§ Task prompt:
Would you print the lines below exactly, beginning at the line that has "Elegant LV Damier" and stopping after the line that has "Retiro familiar frente"? Only those lines, and no pictures.

[Collection entries]
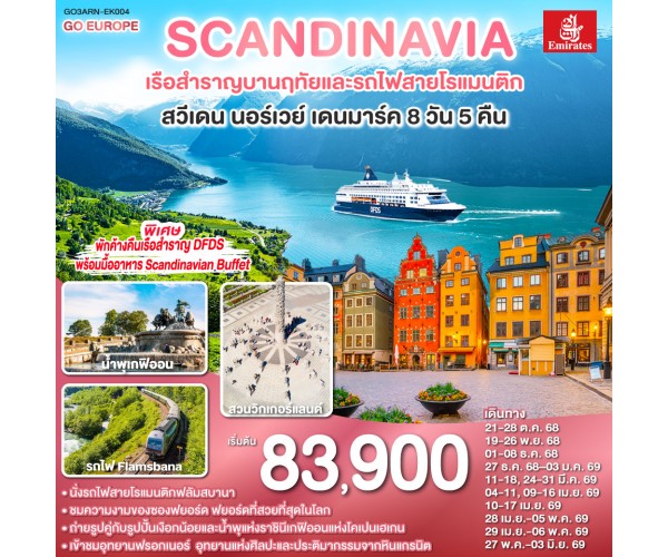 SCANDINAVIA - สแกนดิเนเวีย เรือสำราญบานฤทัยและรถไฟสายโรแมนติก สวีเดน - นอร์เวย์ - เดนมาร์ก 8 วัน 5 คืน โดยสายการบิน Emirates (EK)
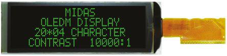 This is Green Passive matrix OLED Display TAB I2C Parallel SPI Interface manufactured by Midas. The manufacturer part number is MCOT42005AX-EGM. Its contrast ratio is >10000:1 . It has a/an green colour display . The given dimensions of the product include 84.5 x 27.5 x 2mm. Moreover, it has a i2c, parallel, spi interface ports . The product has -40 → +85°c of operating temperature range. It has a maximum operating temperature of +85°c. It has a/an passive type matrix . It has a 72.42mm width of viewing area . In addition, it has a standard 22.82mm height of viewing area . In addition, the height is 27.5mm. It has a tab mounting driver . Furthermore, the product is 84.5mm wide. The product comes in 2mm depth. Whereas, the minimum operating temperature of the product is -40°c. It has approximately 72.42 x 22.82mm viewing area dimensions .
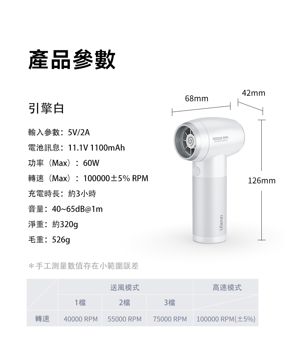 轉速(Max):100000±5% RPM
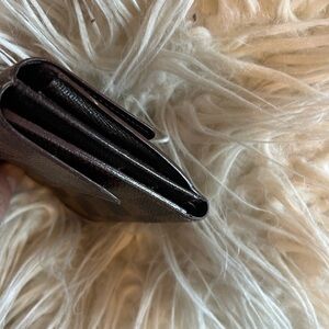 Elegant LV Damier design. Features a gold button closure. Compact and stylish.
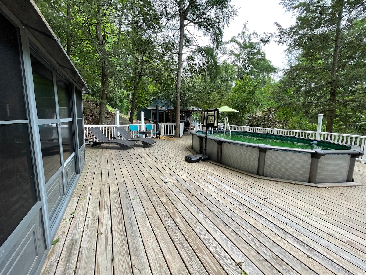 Retiro familiar frente al lago ~ Piscina privada ~ Sala de juegos
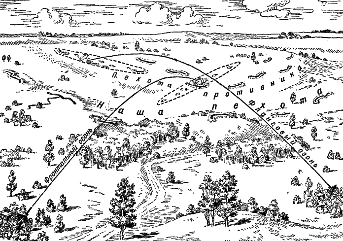 Когда цель находится недалеко от нашей пехоты, некоторые снаряды вследствие рассеивания могут не долететь до цели, упасть ближе, чем нужно, в наше расположение. Так, например, если наша артиллерия ведет стрельбу через нашу пехоту, примерно на 3-4 километра, то находиться ближе 200—250 метров от цели уже опасно. В этом случае наша пехота может быть поражена не только осколками (от них еще можно укрыться), но и целыми снарядами. Поэтому, как только наша пехота подойдет к цели ближе чем на 250 метров, артиллерия, стрелявшая через пехоту, сейчас же переносит огонь несколько дальше и предоставляет пехоте бороться с ближними целями своими средствами.
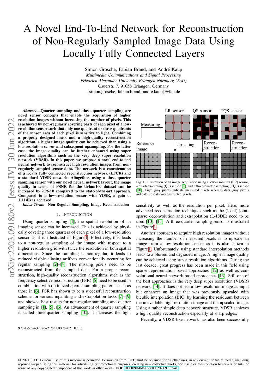 Quarter sampling and three-quarter sampling are novel sensor concepts that enable the acquisition of higher resolution images without increasing the number of pixels. This is achieved by non-regularly covering parts of each pixel of a low-resolution sensor such that only one quadrant or three quadrants of the sensor area of each pixel is sensitive to light. Combining a properly designed mask and a high-quality reconstruction algorithm, a higher image quality can be achieved than using a low-resolution sensor and subsequent upsampling. For the latter case, the image quality can be further enhanced using super resolution algorithms such as the very deep super resolution network (VDSR). In this paper, we propose a novel end-to-end neural network to reconstruct high resolution images from non-regularly sampled sensor data. The network is a concatenation of a locally fully connected reconstruction network (LFCR) and a standard VDSR network. Altogether, using a three-quarter sampling sensor with our novel neural network layout, the image quality in terms of PSNR for the Urban100 dataset can be increased by 2.96 dB compared to the state-of-the-art approach. Compared to a low-resolution sensor with VDSR, a gain of 1.11 dB is achieved.
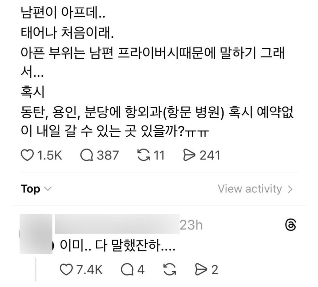 해맑은 와이프 작성자러바오|작성시간25.10.15|조회수4,673 목록 댓글 1 글자크기 작게가 글자크기 크게가 다음검색 현재 게시글 추가 기능 열기 북마크 공유하기 신고 센터로 신고 댓글 댓글 1 댓글쓰기 답글쓰기 댓글 리스트 작성자JTBC | 작성시간 25.10.15 남편 똥꾸멍 아픈거 절대 말 안하네 댓글 전체보기

§ Completed exercise:
 Elegant LV Damier design. Features a gold button closure. Compact and stylish.
 Retiro familiar frente al lago ~ Piscina privada ~ Sala de juegos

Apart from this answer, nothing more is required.